▶ **Supplied entries**

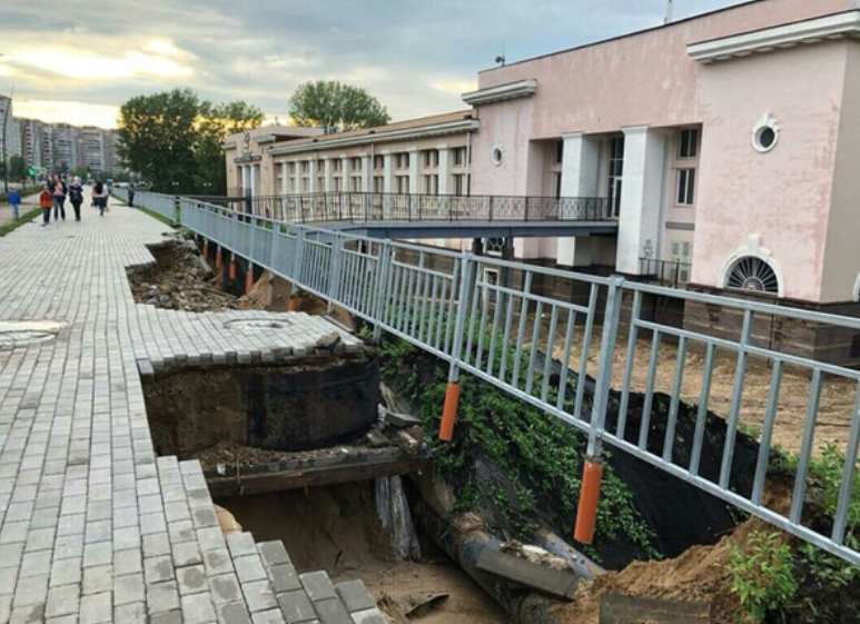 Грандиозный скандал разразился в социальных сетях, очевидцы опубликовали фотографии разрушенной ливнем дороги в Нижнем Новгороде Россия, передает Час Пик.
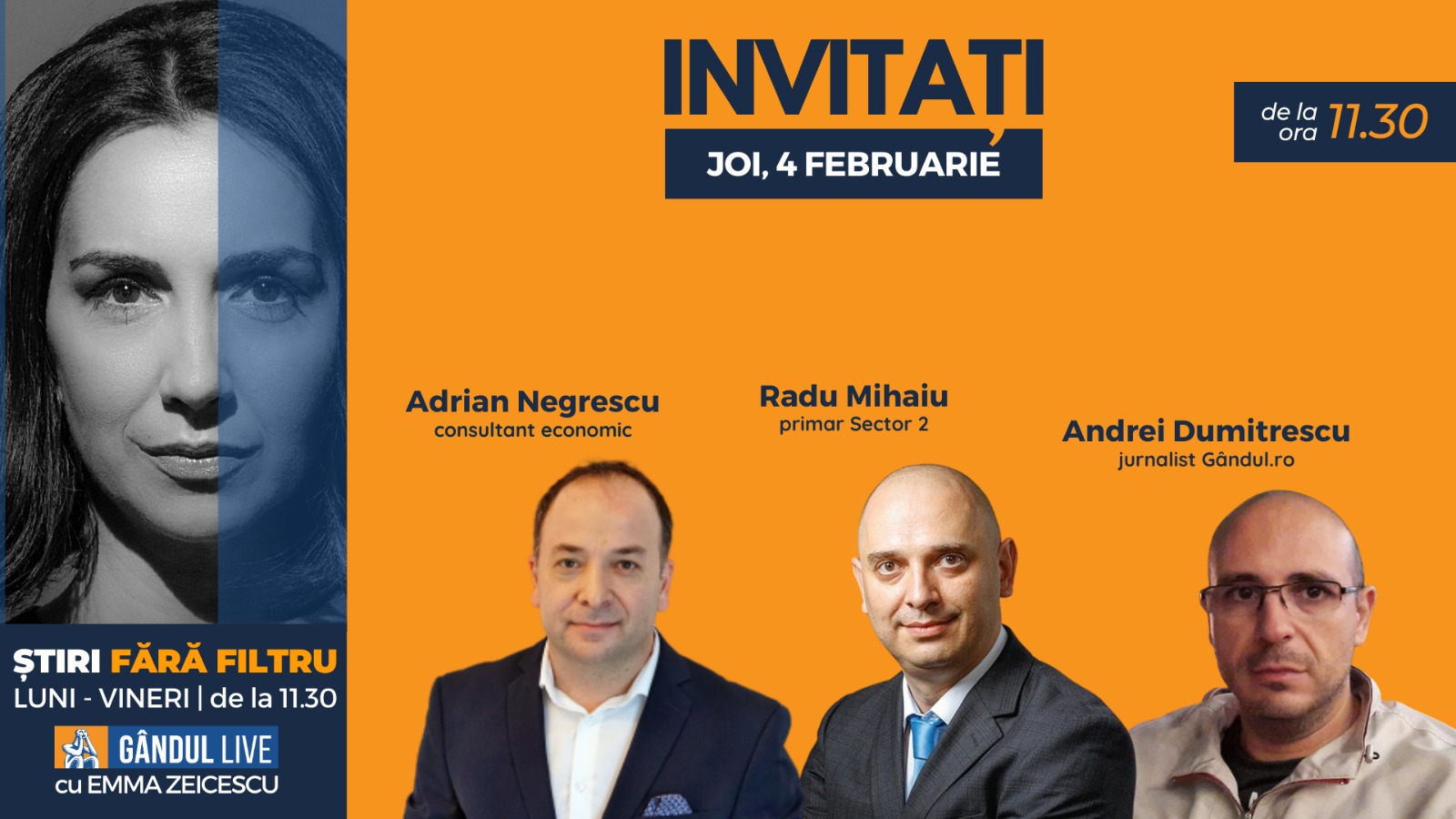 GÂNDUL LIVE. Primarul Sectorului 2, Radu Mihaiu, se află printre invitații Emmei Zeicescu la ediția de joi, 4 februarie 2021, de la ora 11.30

--

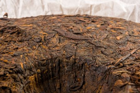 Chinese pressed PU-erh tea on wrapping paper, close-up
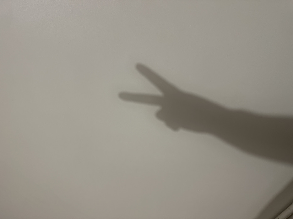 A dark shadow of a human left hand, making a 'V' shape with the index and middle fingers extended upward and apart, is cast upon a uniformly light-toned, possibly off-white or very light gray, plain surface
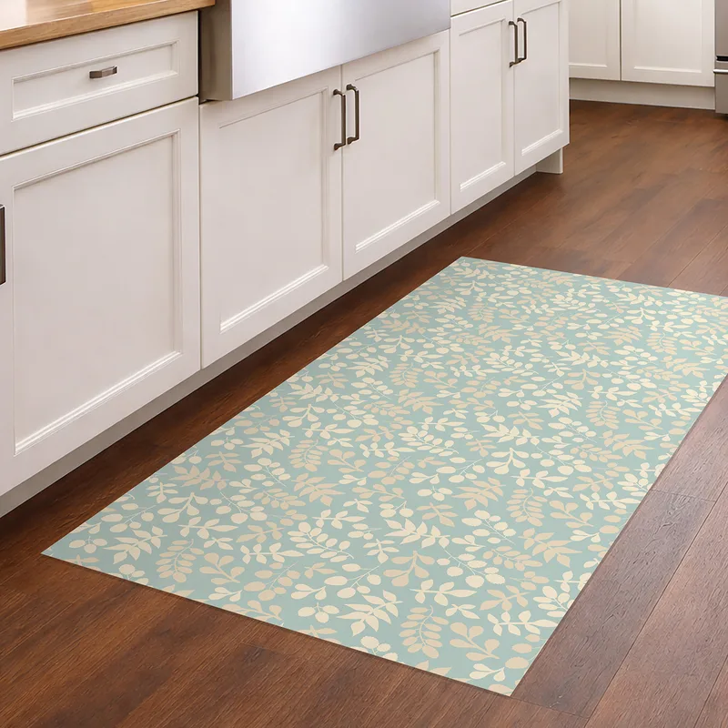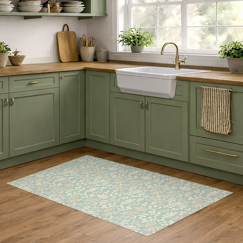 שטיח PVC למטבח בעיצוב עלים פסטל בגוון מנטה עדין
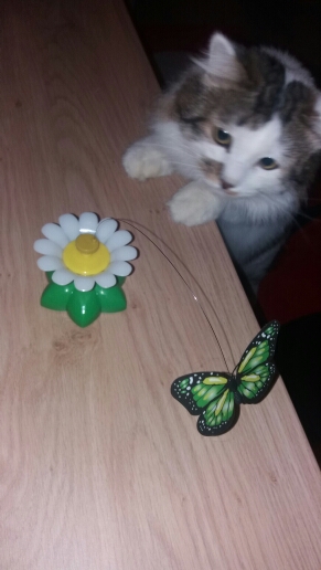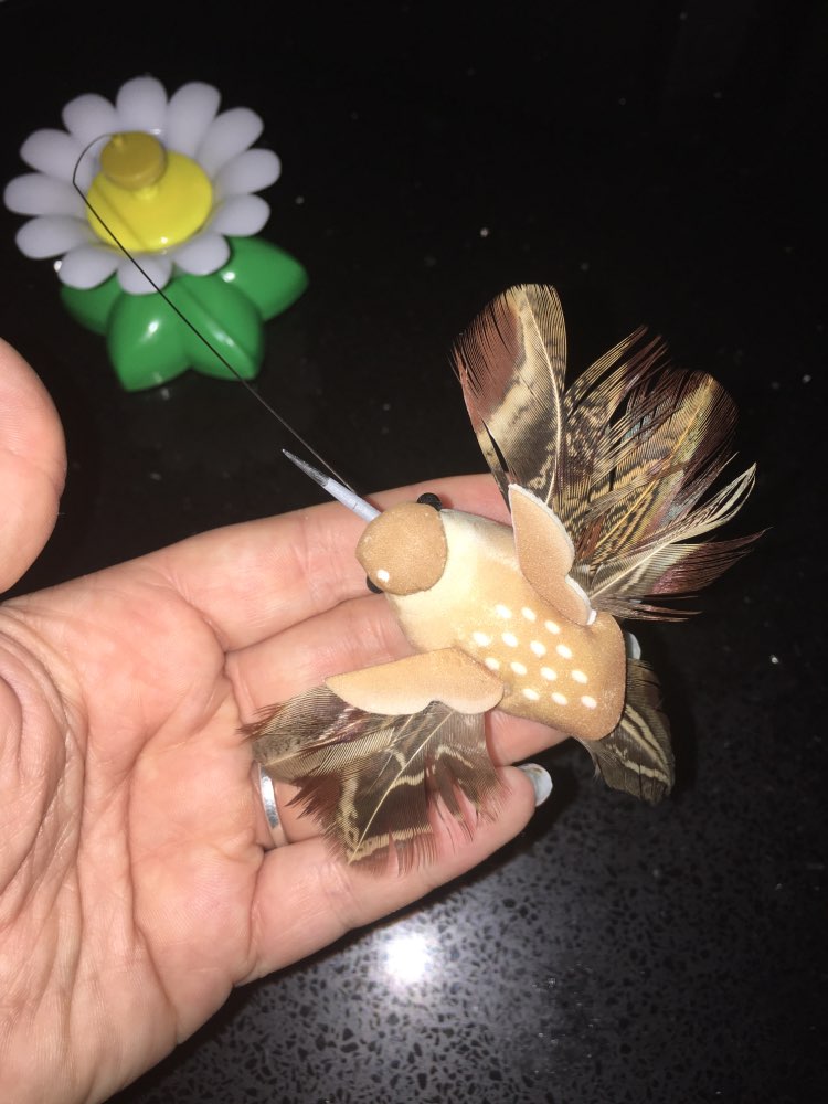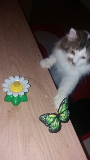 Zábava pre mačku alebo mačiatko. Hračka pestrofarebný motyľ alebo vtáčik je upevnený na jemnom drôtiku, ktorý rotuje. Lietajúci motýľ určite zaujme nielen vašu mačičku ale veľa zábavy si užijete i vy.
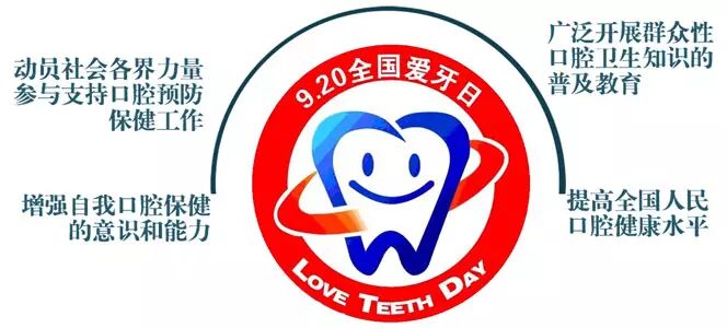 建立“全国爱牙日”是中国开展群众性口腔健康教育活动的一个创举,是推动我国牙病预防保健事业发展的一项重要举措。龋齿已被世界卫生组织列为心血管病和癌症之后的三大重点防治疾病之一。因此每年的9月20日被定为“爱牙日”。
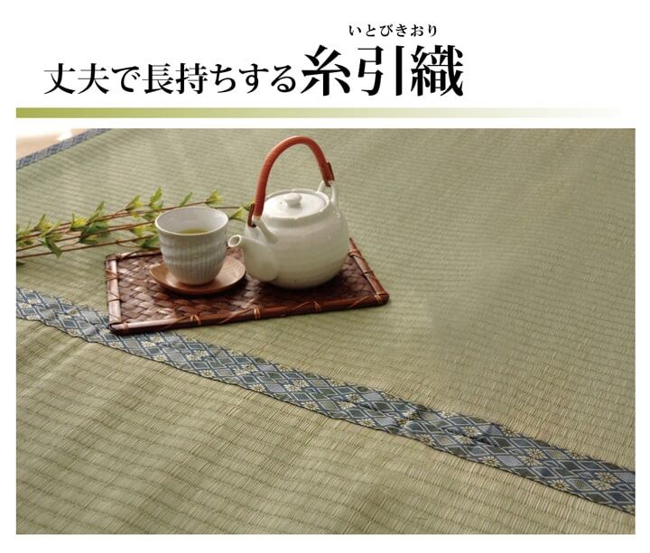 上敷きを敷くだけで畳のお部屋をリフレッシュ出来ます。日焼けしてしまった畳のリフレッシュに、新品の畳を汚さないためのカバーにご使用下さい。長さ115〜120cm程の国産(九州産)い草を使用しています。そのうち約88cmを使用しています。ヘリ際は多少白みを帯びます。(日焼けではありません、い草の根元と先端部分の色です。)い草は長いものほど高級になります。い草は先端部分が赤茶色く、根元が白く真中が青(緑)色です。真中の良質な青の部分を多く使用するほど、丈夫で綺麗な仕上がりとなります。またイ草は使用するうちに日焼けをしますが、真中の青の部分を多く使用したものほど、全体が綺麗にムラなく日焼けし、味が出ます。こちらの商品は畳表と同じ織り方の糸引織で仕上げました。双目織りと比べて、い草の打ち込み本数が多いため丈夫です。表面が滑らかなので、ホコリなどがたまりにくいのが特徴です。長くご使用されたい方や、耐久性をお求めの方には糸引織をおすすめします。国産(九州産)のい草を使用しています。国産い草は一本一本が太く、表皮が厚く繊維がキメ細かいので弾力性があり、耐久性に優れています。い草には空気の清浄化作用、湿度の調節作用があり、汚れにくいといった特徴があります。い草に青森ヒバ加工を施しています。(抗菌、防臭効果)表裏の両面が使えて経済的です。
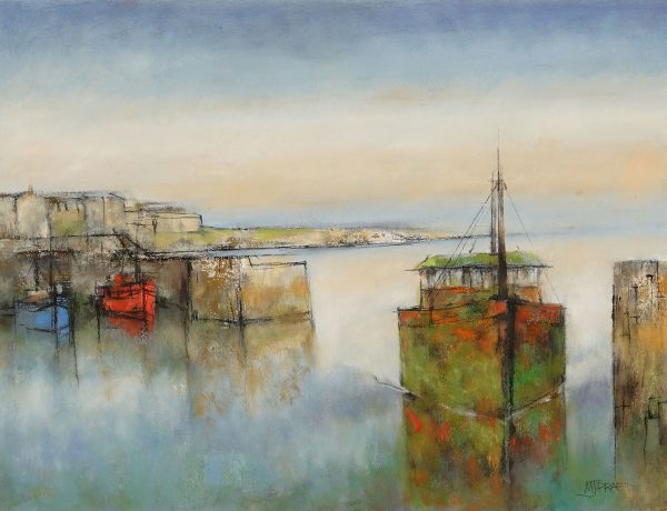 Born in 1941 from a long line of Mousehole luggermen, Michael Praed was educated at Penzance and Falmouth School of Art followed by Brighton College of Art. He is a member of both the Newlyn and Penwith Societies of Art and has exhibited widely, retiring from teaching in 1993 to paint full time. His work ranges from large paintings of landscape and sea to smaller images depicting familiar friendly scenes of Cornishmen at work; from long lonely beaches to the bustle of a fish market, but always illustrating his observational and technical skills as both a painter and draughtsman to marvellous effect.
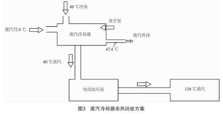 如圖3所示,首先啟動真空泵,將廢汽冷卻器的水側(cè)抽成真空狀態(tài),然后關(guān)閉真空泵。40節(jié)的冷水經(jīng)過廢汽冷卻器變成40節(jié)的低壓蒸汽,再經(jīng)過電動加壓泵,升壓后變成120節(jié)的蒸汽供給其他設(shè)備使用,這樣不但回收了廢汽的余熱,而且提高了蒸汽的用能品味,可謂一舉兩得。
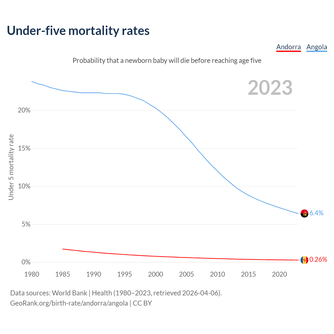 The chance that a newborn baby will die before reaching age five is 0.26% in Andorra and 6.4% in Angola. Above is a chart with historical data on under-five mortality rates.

▶ **What is required**
Copy out the listing above from the line containing "Грандиозный скандал разразился" to the line containing "GÂNDUL LIVE. Primarul", both included, exactly as written and minus the images.

▶ **Answer box**
 Грандиозный скандал разразился в социальных сетях, очевидцы опубликовали фотографии разрушенной ливнем дороги в Нижнем Новгороде Россия, передает Час Пик.
 GÂNDUL LIVE. Primarul Sectorului 2, Radu Mihaiu, se află printre invitații Emmei Zeicescu la ediția de joi, 4 februarie 2021, de la ora 11.30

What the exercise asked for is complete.